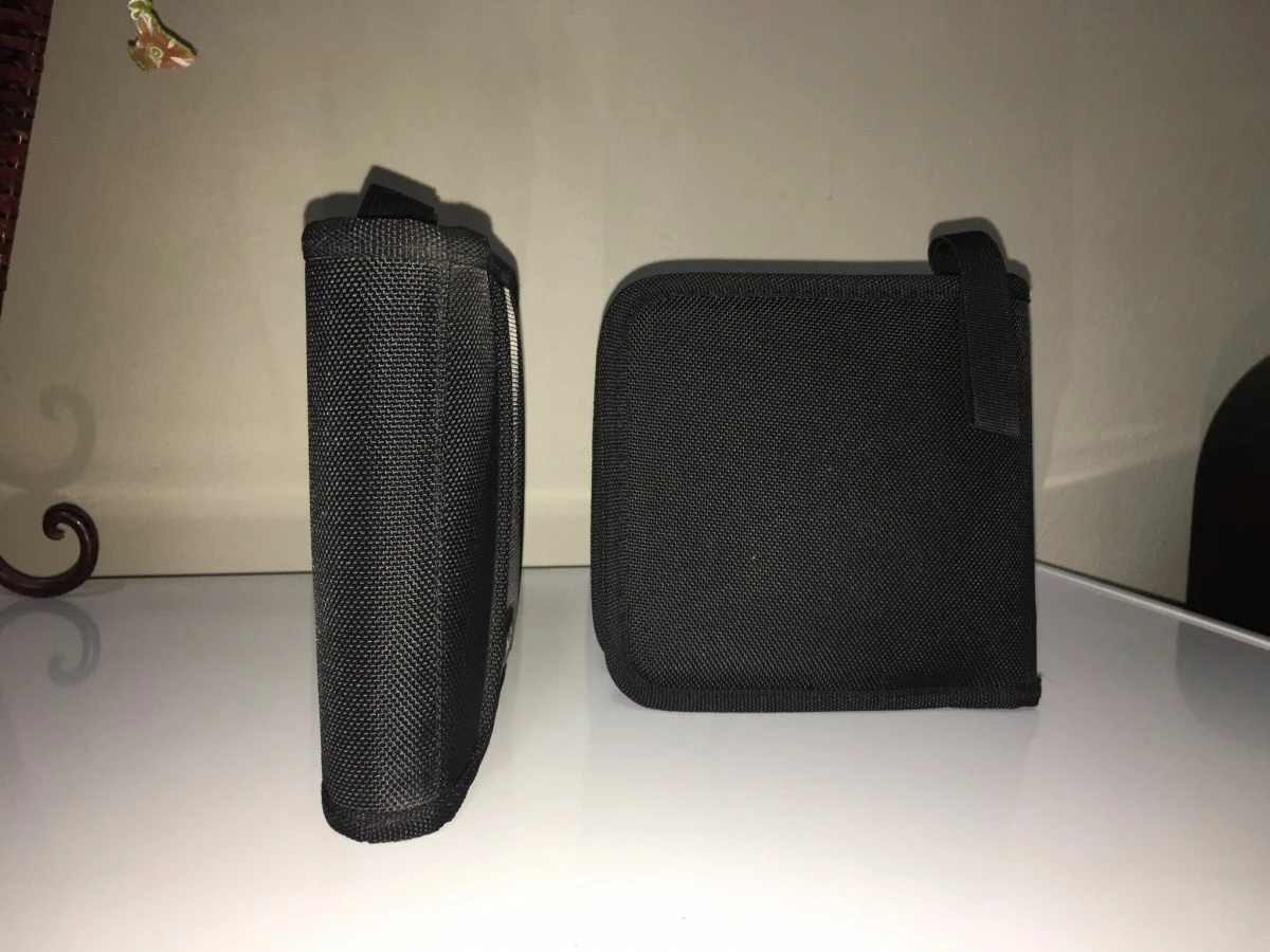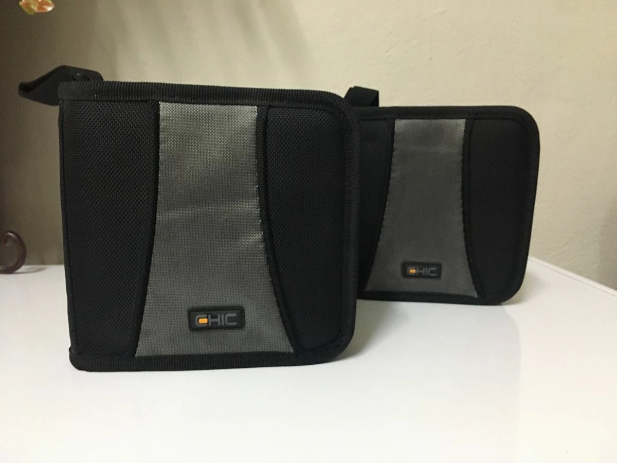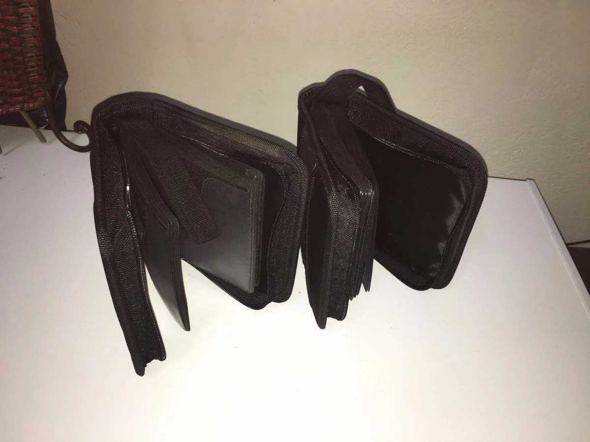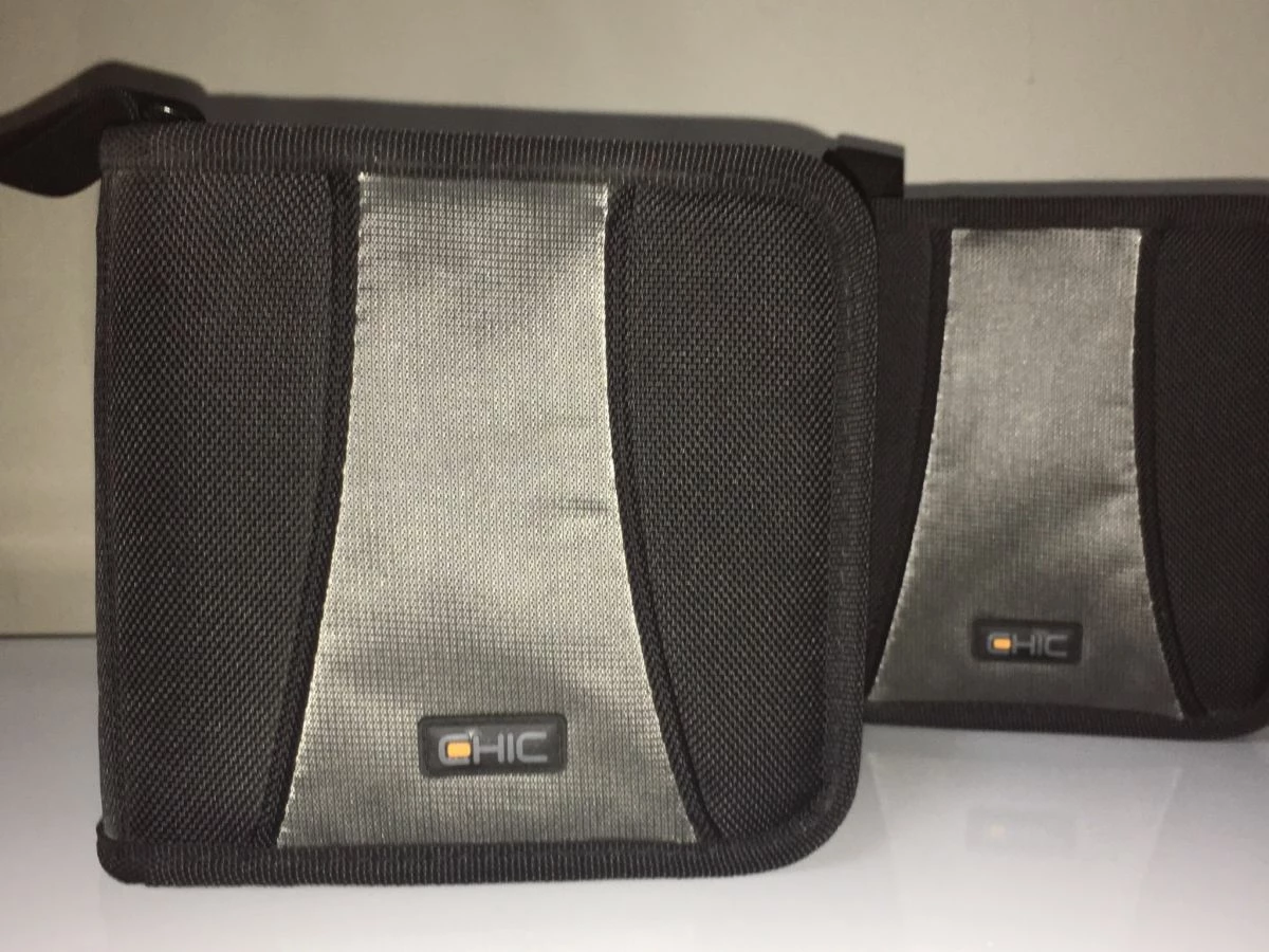 Δύο φασμάτινες θήκες για CD ή DVD με φερομυάρ και χερούλι, 32 θέσεων η κάθε μια.
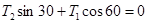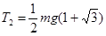 ②若小车以大小为g的加速度向右匀加速运动时,绳OA拉力 T1和绳OB拉力T2分别为多大?
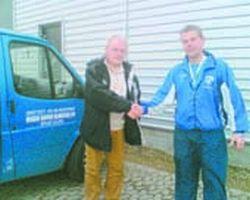 På billedet takker ungdomsformanden Per Mogensen, Stenvad Boldklub, Mogens Skriver Rasmussen for støtten.
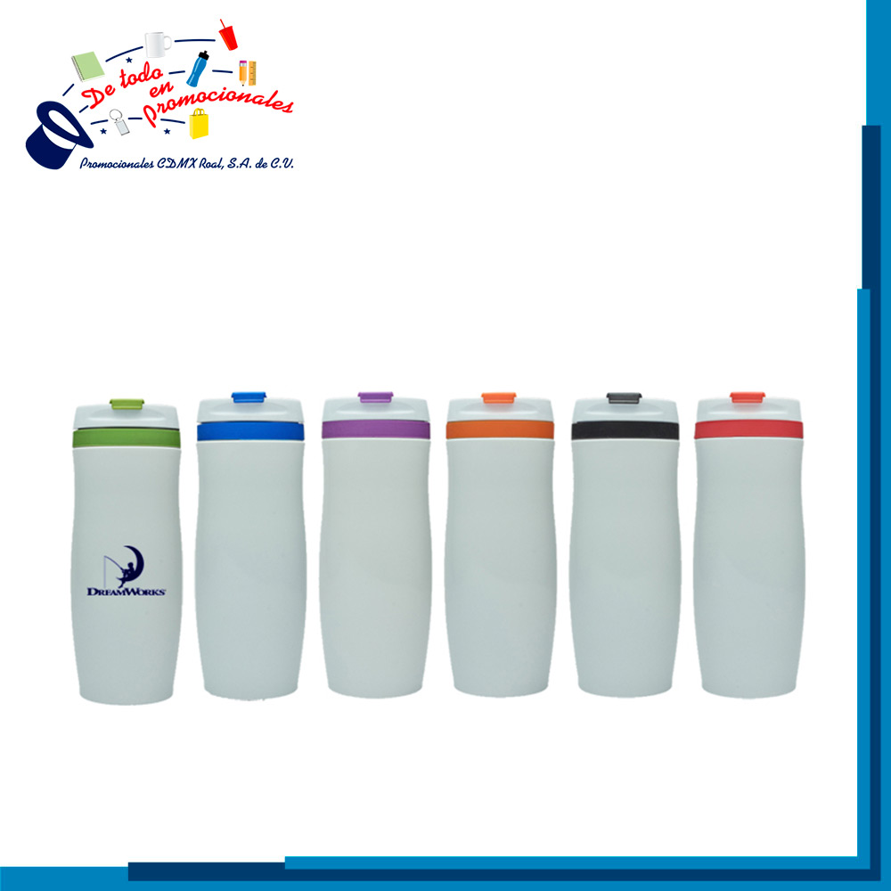 Termo metálico con diseño ergonómico, con acabado en esmalte blanco y banda superior de silicón en color. Cuenta con interior en acero inoxidable, tapa de rosca hermética, seguro para líquidos con bisagra en color y goma anti derrapante en la base. CAP. 400 ml. Presentación: caja en color blanco.
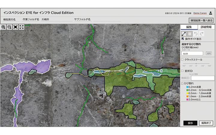 キヤノンは、点検目的で撮影したインフラ構造物の画像をクラウド上にアップロードすることで、ひび割れなどの変状を検知し、その結果をダウンロードして点検調書作成に活用可能な変状検知サービス“インスペクションEYE forインフラCloud Edition”の提供を2024年11月20日より開始します。
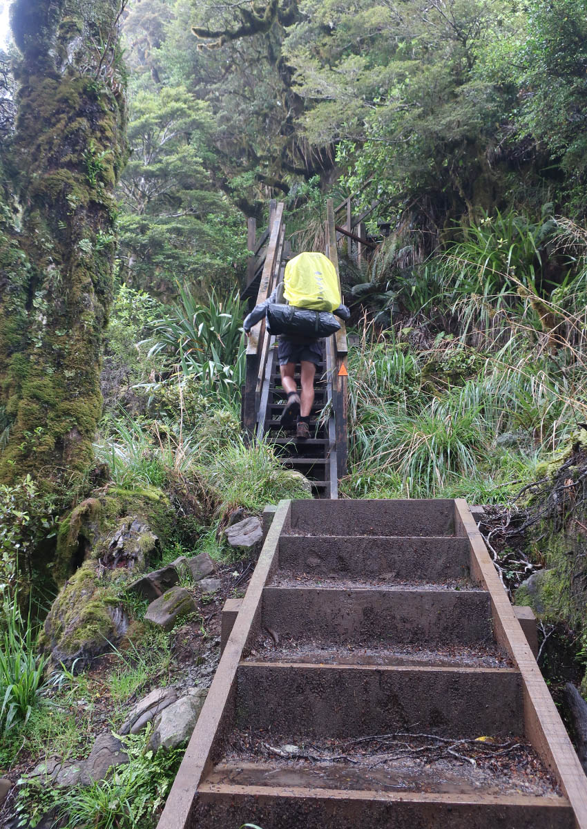 IMG_0618 Published January 9, 2018 at 850 × 1200 in Lake Waikaremoana Great Walk ← Previous Next → Stairs are provided where the uphill gets very steep.
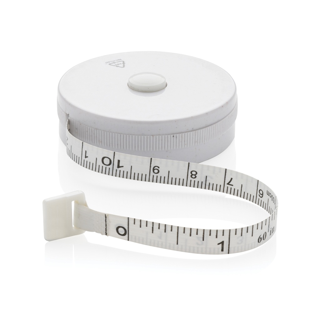 1.5m/60inch recycled plastic tape with return push button, for fitness and fashion. The case is made out of RCS certified recycled ABS plastic, fibreglass and FSC® 100% bamboo. Total recycled content: 64% based on total item weight. RCS certification ensures a completely certified supply chain of the recycled materials. The tape is 8mm wide and retractable by button. Packed in FSC® mix packaging.
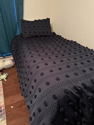[This review was collected as part of a promotion.] We got this for our youngest child's room. Their favorite color is blue, and they are a sensory kid. This has a nice look with a lot of texture and the "pom poms" as our child calls them are fun. They add a level of sensory experience that you don't get out of a lot of modern bed coverings. We've had it in their room for the past month and it's held up well to a lot of bed jumping and pillow fort construction. If it's holding up to the abuse of a young child over the past month it should continue to hold up well for the average user.
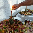 Das bestellte Buffet wurde im neben dem Festsaal im Freien auf der Terrasse aufgebaut. Kurze Wege für die Küche und auch für die Gäste. Alles war gut organisiert.
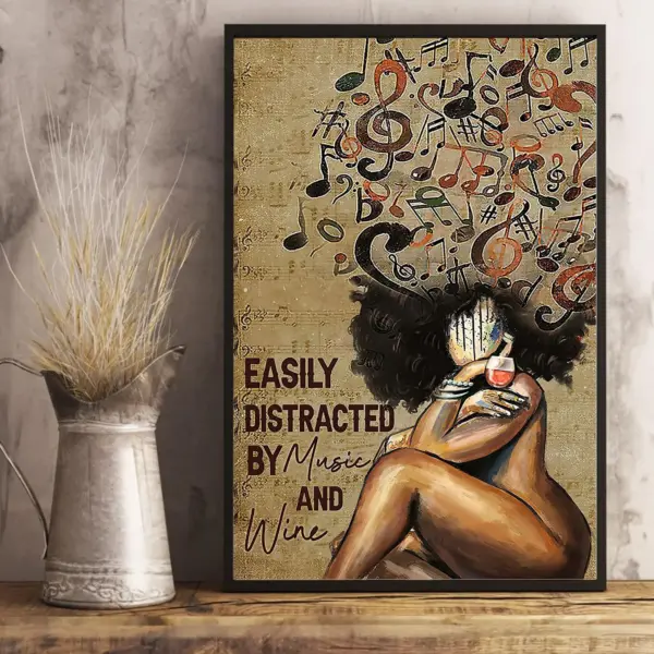 Black Girl Magic: Music & Wine Poster - Melanin Queen Wall Art

| Problem to solve |
Write out the records above exactly. Begin with the first line, end with the line holding "På billedet takker", and drop the pictures.

| Task solution |
 Δύο φασμάτινες θήκες για CD ή DVD με φερομυάρ και χερούλι, 32 θέσεων η κάθε μια.
 ②若小车以大小为g的加速度向右匀加速运动时,绳OA拉力 T1和绳OB拉力T2分别为多大?
 På billedet takker ungdomsformanden Per Mogensen, Stenvad Boldklub, Mogens Skriver Rasmussen for støtten.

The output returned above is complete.